According to https://github.com/cplusplus/papers/issues/665 which keeps a log of the progression of the proposal through the standards committee process, there seem to have been some doubts whether a constexpr
std::deque
can be implemented without core language changes.
Unfortunately it doesn't say what the specific concern is. Probably some common implementation makes use of some language construct that specifically is not allowed in constant expressions or the implementation relies on some construct that is undefined behavior according to the standard. The latter is usually not a problem for the standard library, since it is not bound by the language rules and can make assumptions about the particular compiler's behavior. However in constant expressions core language undefined behavior is always a hard error and therefore such constructs might often not be usable in constant expression contexts without introducing magic compiler workarounds.
As mentioned in the linked github issue, there seem to also be some library facilities which need to have constexpr
added to make this work as well.
Aside from such issues, generally, I don't think there is any reason to not make all containers and container adaptors constexpr
-friendly now that std::allocator
can be used in constant expressions. They probably just want to make sure that they can be properly implemented as constexpr
first. My guess is that for the same reason only std::string
and std::vector
were done with C++20, since these are the simplest and most important allocator-aware containers to apply constexpr
to. (std::array
has been constexpr
for longer since it doesn't require any dynamic allocations.)
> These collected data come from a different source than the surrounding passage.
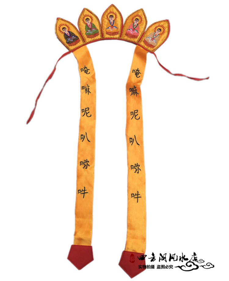 БЕСПЛАТНАЯ ДОСТАВКА Пять бутик -бутик -бутиков, вышитая шляпы, плавучие ленты высокого качества, пять коронок Будды Средние буддийские принадлежности
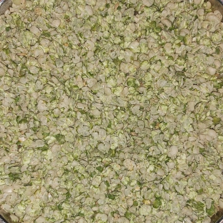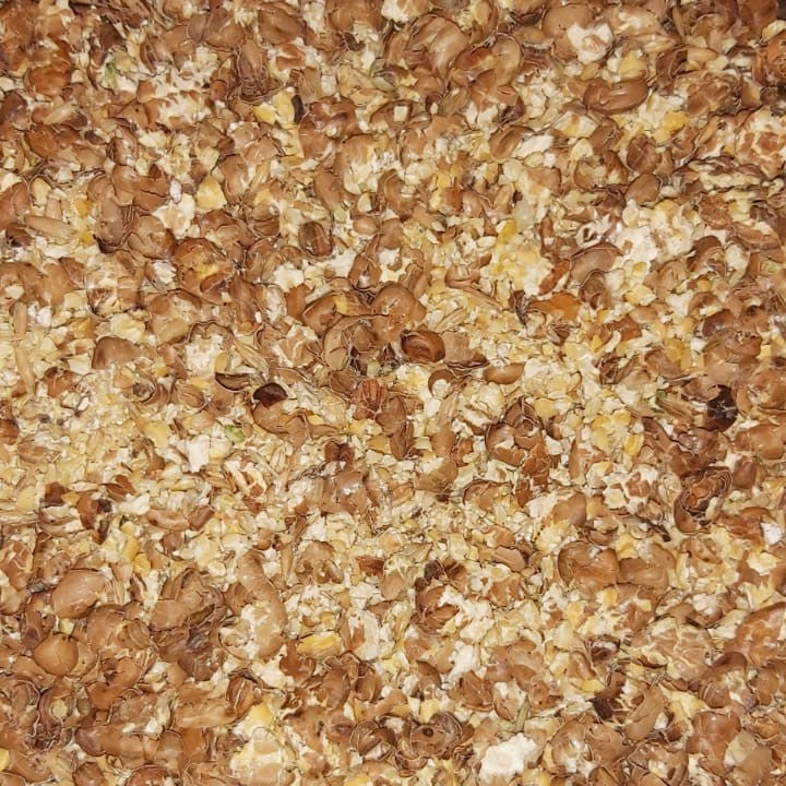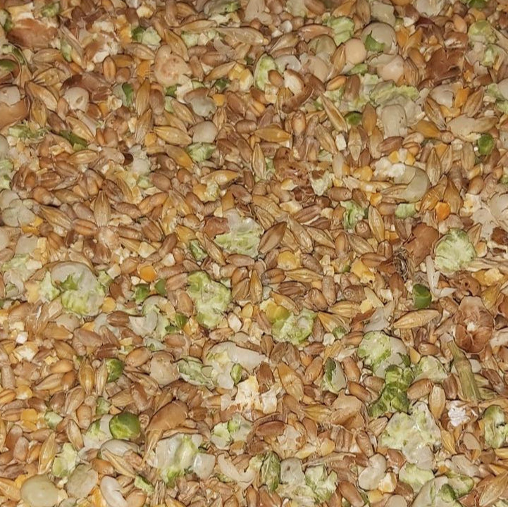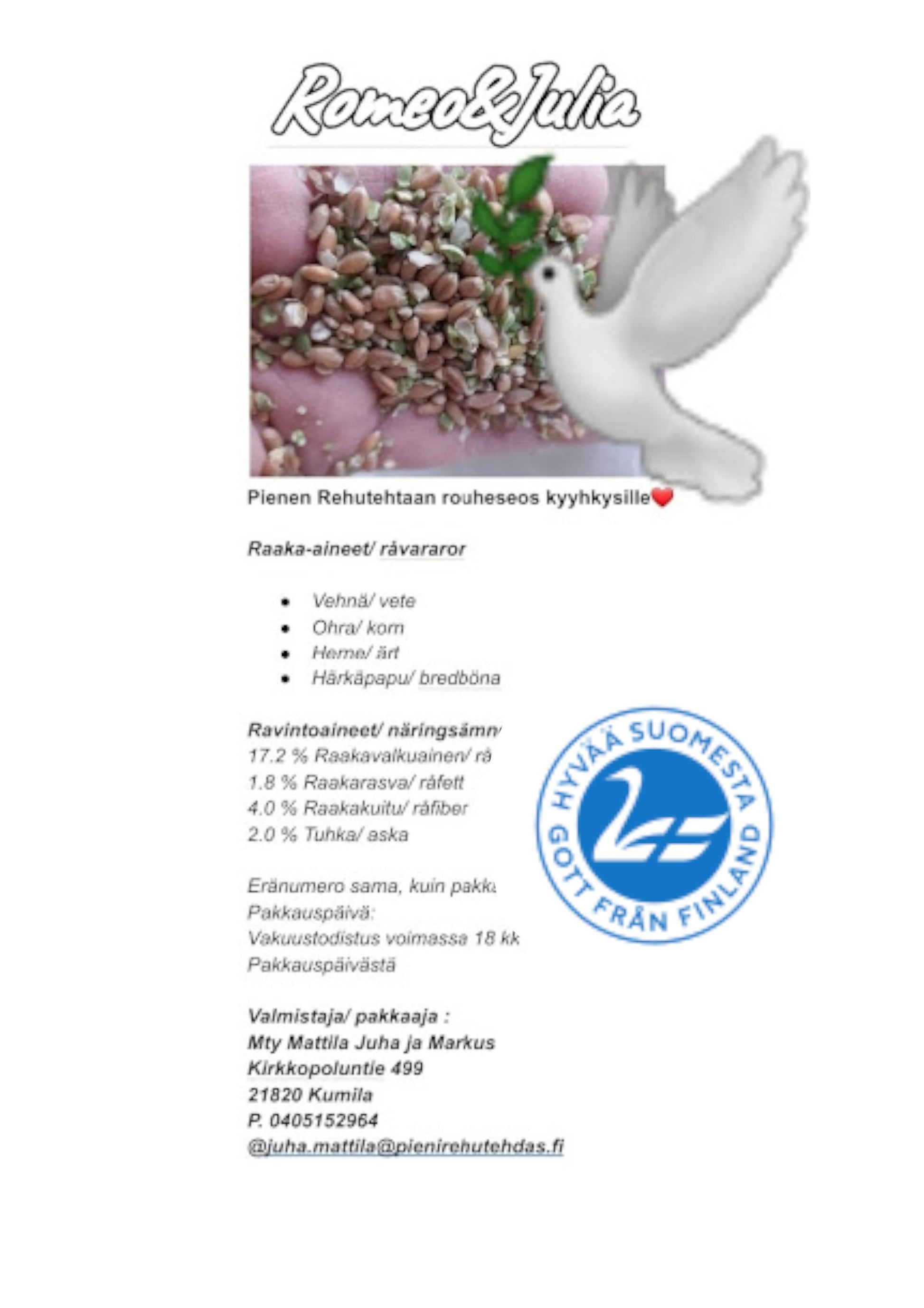 Kyyhkysten rehuseoksessa vehnä ja ohra ovat kokonaisena ja herneet, sekä härkäpapu (matalan haitta-aineiden lajike) ovat rouhittuja.
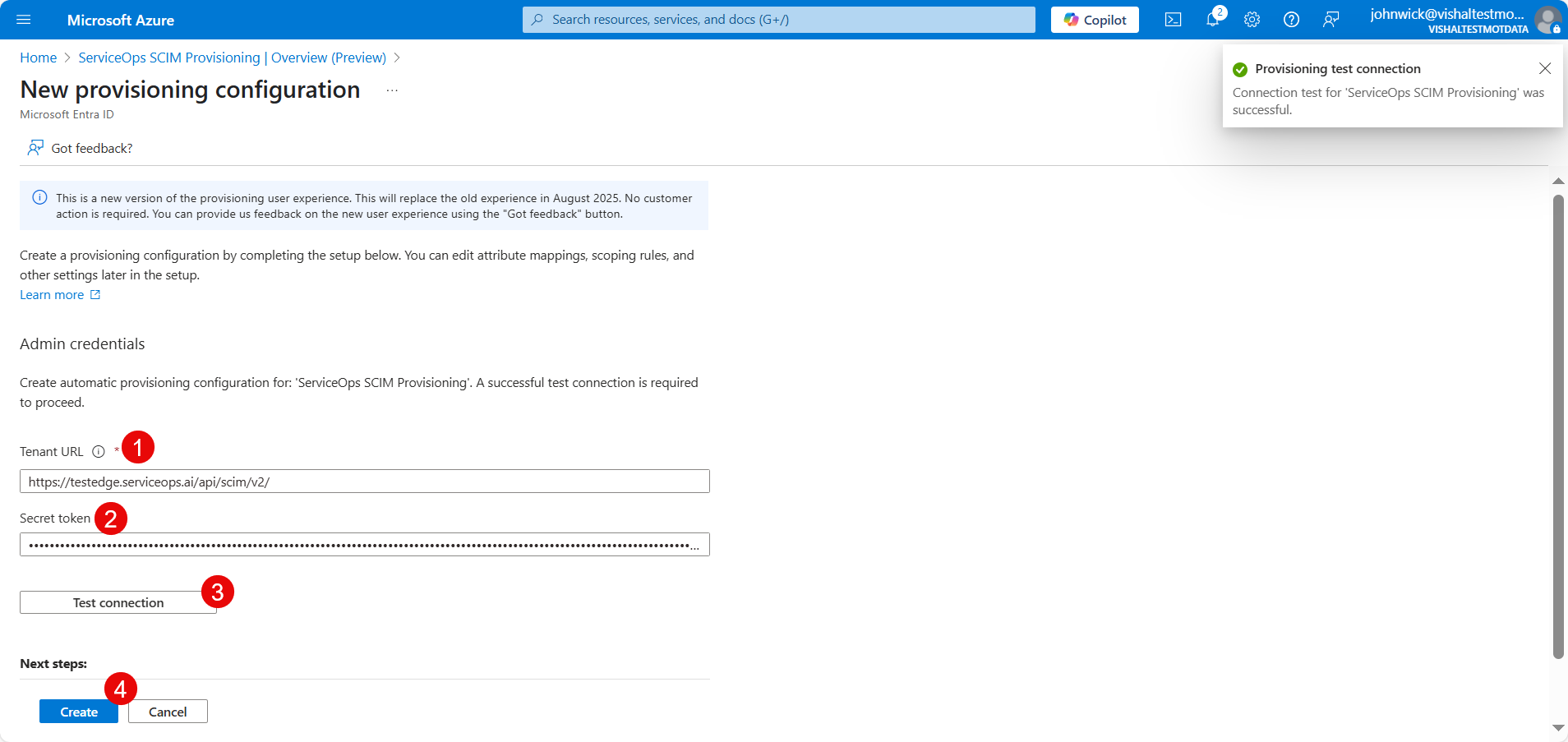 Bearer Tokenyou copied from ServiceOps into the Secret Token field.Click Test Connection. You should see a success notification confirming that Azure AD can communicate with your ServiceOps instance.

Although, looking at the date of the last entry in the issue (as well as the accompanying issues for std::list
, std::priority_queue
, etc.) it seems to not have progressed in the last two years, maybe because the author of the proposal did not pursue it further, but I can't really tell.
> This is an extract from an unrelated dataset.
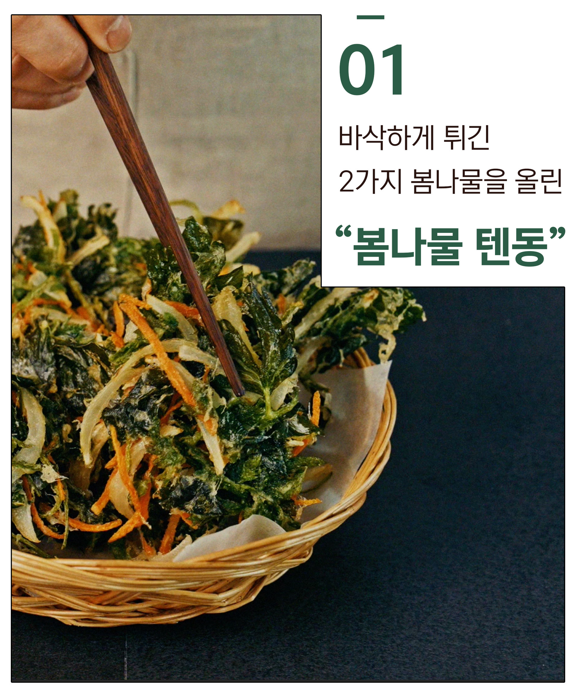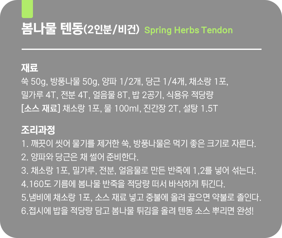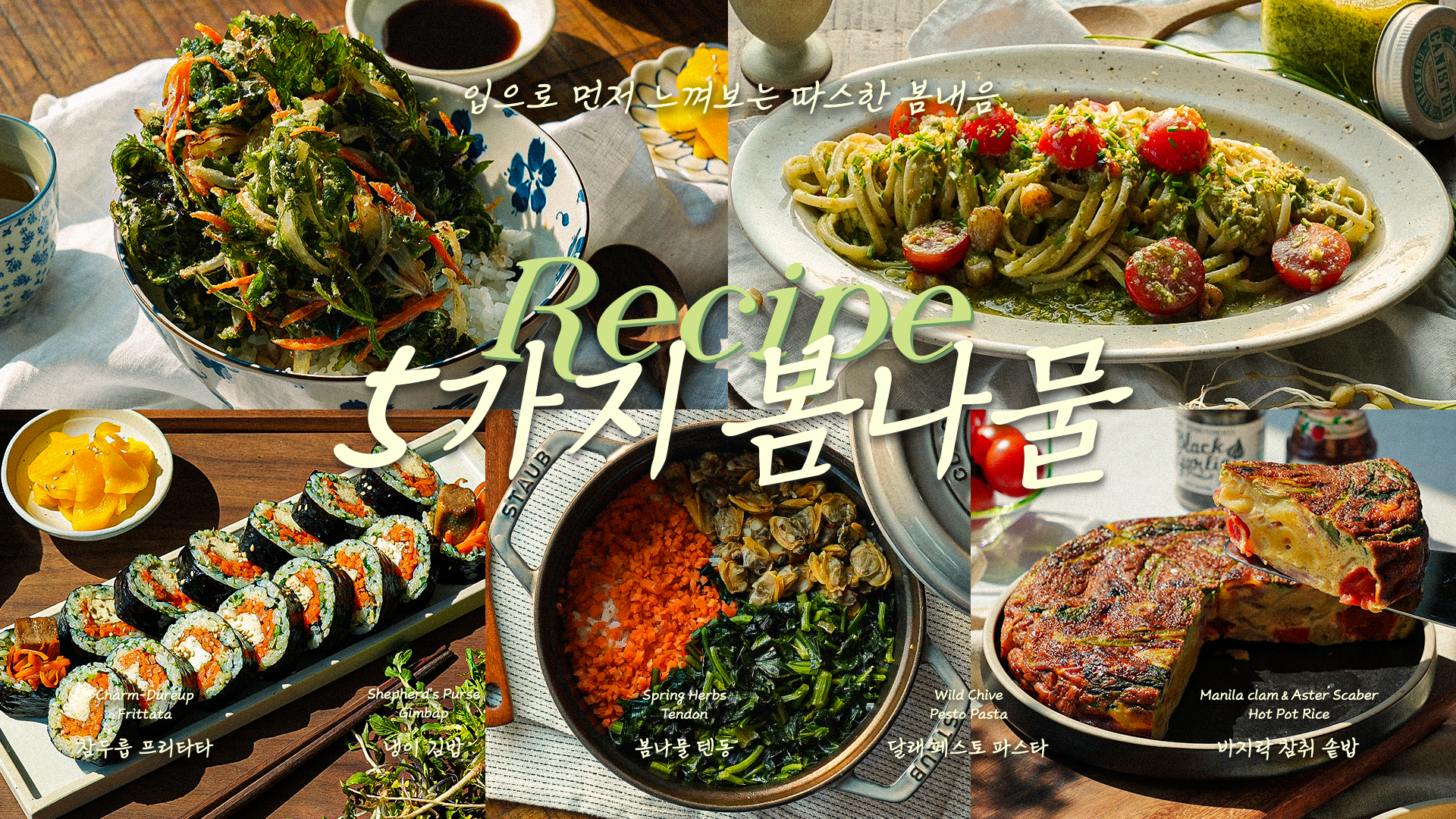 봄나물 텐동 ㅣ 냉이 김밥 ㅣ 두릅 프리타타 ㅣ 바지락 참취 솥밥 ㅣ 달래 페스토 파스타
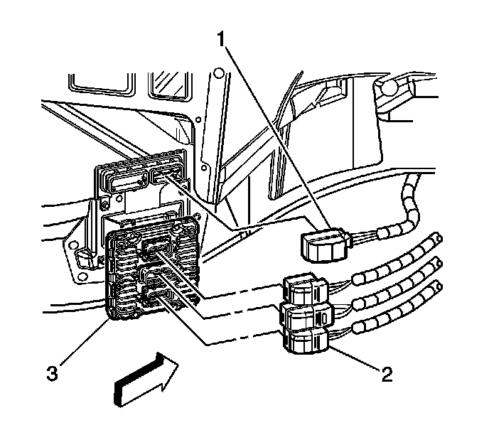 3. Connect the electrical connectors (2) to the ECM (3).

In either case, when we say that std::vector
(or other allocator-aware containers) are constexpr
-friendly, this means something else than it does for e.g. std::array
. You can declare a constexpr std::array
variable and use it as you would use a const std::array
variables, but you can't declare a constexpr std::vector
variable (generally at all) and use it as you would a const std::vector
.
What you can do however is use a std::vector
variable in e.g. a constexpr
function to do some calculations, as long as the variable is created after the evaluation of the constant expression starts and is destroyed before it ends. Currently this is not possible with e.g. a std::list
which is not constexpr
-friendly.
The reason for this is that the compiler will not actually allocate memory at compile-time for the container and then transfer it in some way into a runtime allocation (whether static or dynamic). Instead dynamic allocations at compile-time are separate from runtime ones and must be deallocated before the constant expression evaluation in which they were allocated ends.